The serenity prayer is on my fridge. I agree sometimes you have to lose a battle to win the war. Isn't complacency part of the problem in the world? No one seems to stand up and say - What? Why? I am out spoken sometimes, there are a few things I am very passionate about. Sometimes it gets me into trouble, sometimes it makes a small change. If there are enough small changes then the world would be a better place. Next to the serenity prayer is another famous saying "If you don't stand for something, you will fall for anything."

As I mentioned I am passionate about a few things, being a good Christian woman, what I perceive to be a twisting of words or verses, speaking up when I see an inequity, and abuse.

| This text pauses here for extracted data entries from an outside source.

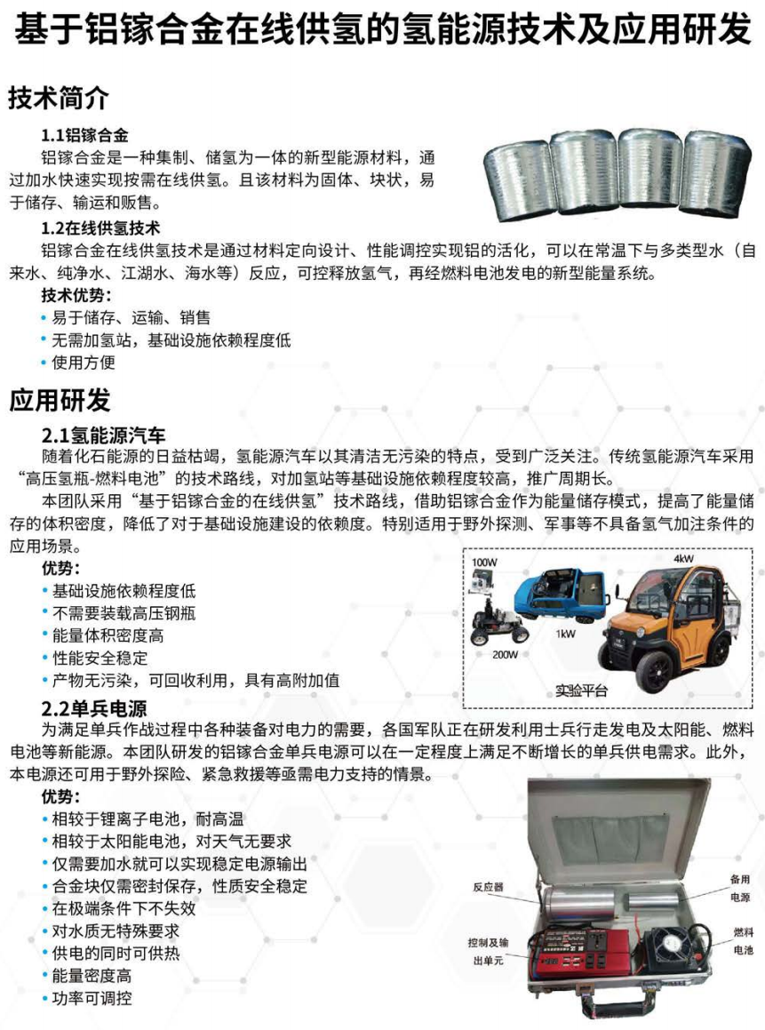 基于铝镓合金在线供氢的氢能源技术及应用研发
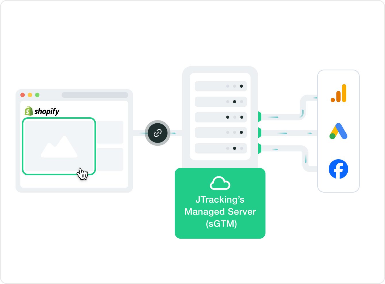 JTracking uses first-party, server-to-server tracking. Data collection is fully compliant with global privacy standards, and you control what data is shared with platforms.
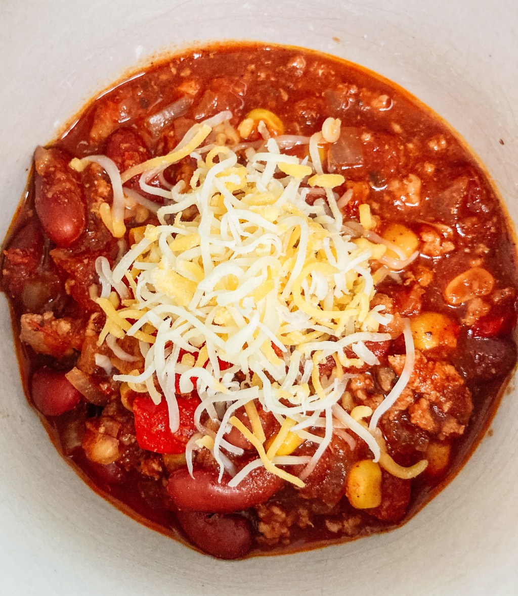 Next add in tomatoes, chicken broth, kidney beans and corn. Bring to a boil, then reduce heat and simmer for 30-45 minutes or until chili thickens and flavors come together. Taste and adjust seasonings and salt as necessary.
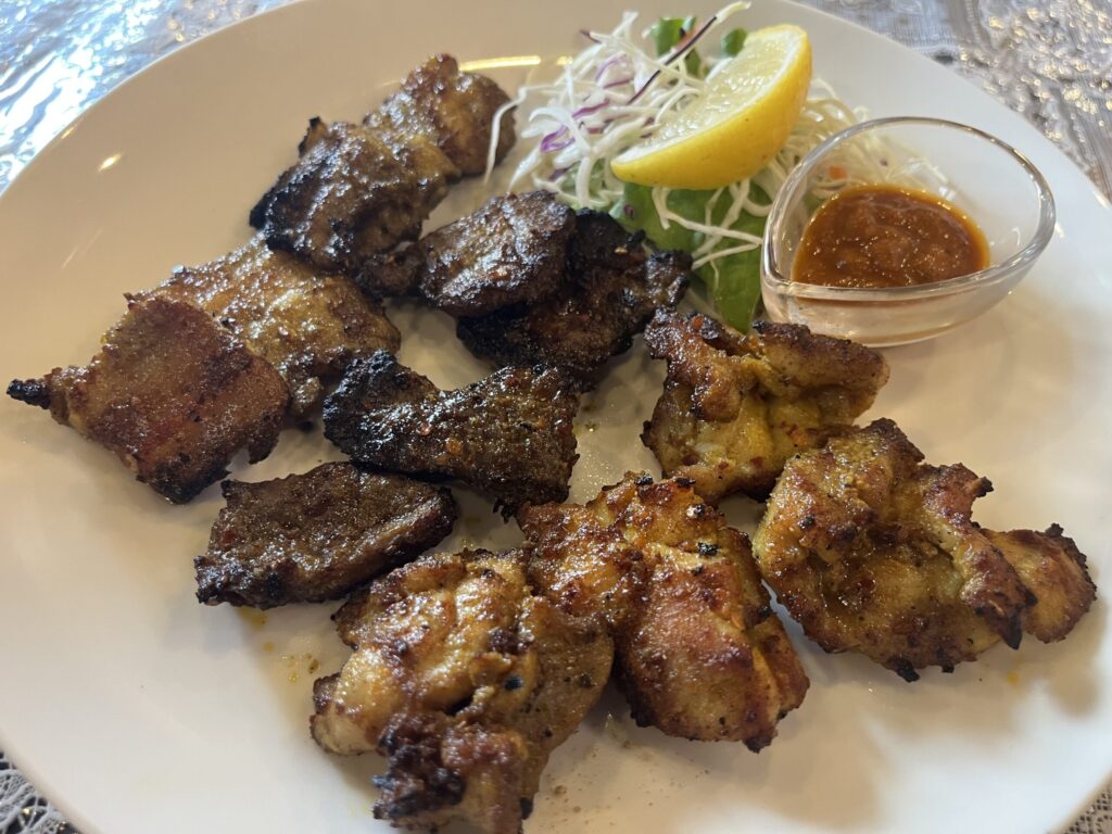 タンドリーチキンが数種類の肉で作られている、という感じですかね。写真は左から豚バラ・マトン(羊)・チキンである。
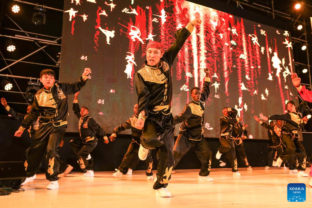Artists from China and Uganda perform at the Chinese New Year's eve gala in Kampala, Uganda, on Jan. 28, 2024. (Photo by Hajarah Nalwadda/Xinhua)

There are more but these are the ones that pertain to my current thread.

I have been seeing a lot of double standards and retribution that doesn't seem to fit the wrong doing. I am sure there is more going on behind the curtain so I don't understand why this is happening. There are a few people that keep crossing the line and they are still here. Someone says one thing and they are now gone.

I understand the pot stirrers getting a time out, but shouldn't all pot stirrers get a time out? I suppose since I am asking these questions I will now be considered a pot stirrer.

I am not so naive as to ask 'why can't we all just get along'. We are all humans and we have emotions and sometimes they get the best of us. We as a community will always have disagreements and not see eye to eye. So we chose to keep up the debate and try to get our point understood, not necessarily to change the other persons point of view or lay down the ruler and leave the conversation.

I can only bite my tongue for so long until it really starts to hurt, then I have to say something. So I have had my say and hope that it has planted a little seed that will grow and others will realize the double standard that seems to exist.

I appreciate the kind words Paul, I like your approach, ideas and have respect for you. Hopefully we will be able to converse in the future  You sir in my opinion are the mediator and voice of reason in this community.


----------



## Boss Dog (Feb 8, 2013)

I have a couple internet terrierists on my ignore list and all is calm here.
I've been away for about 5 days, so who got banned lately? :armata_PDT_25:


----------



## Boss Dog (Feb 8, 2013)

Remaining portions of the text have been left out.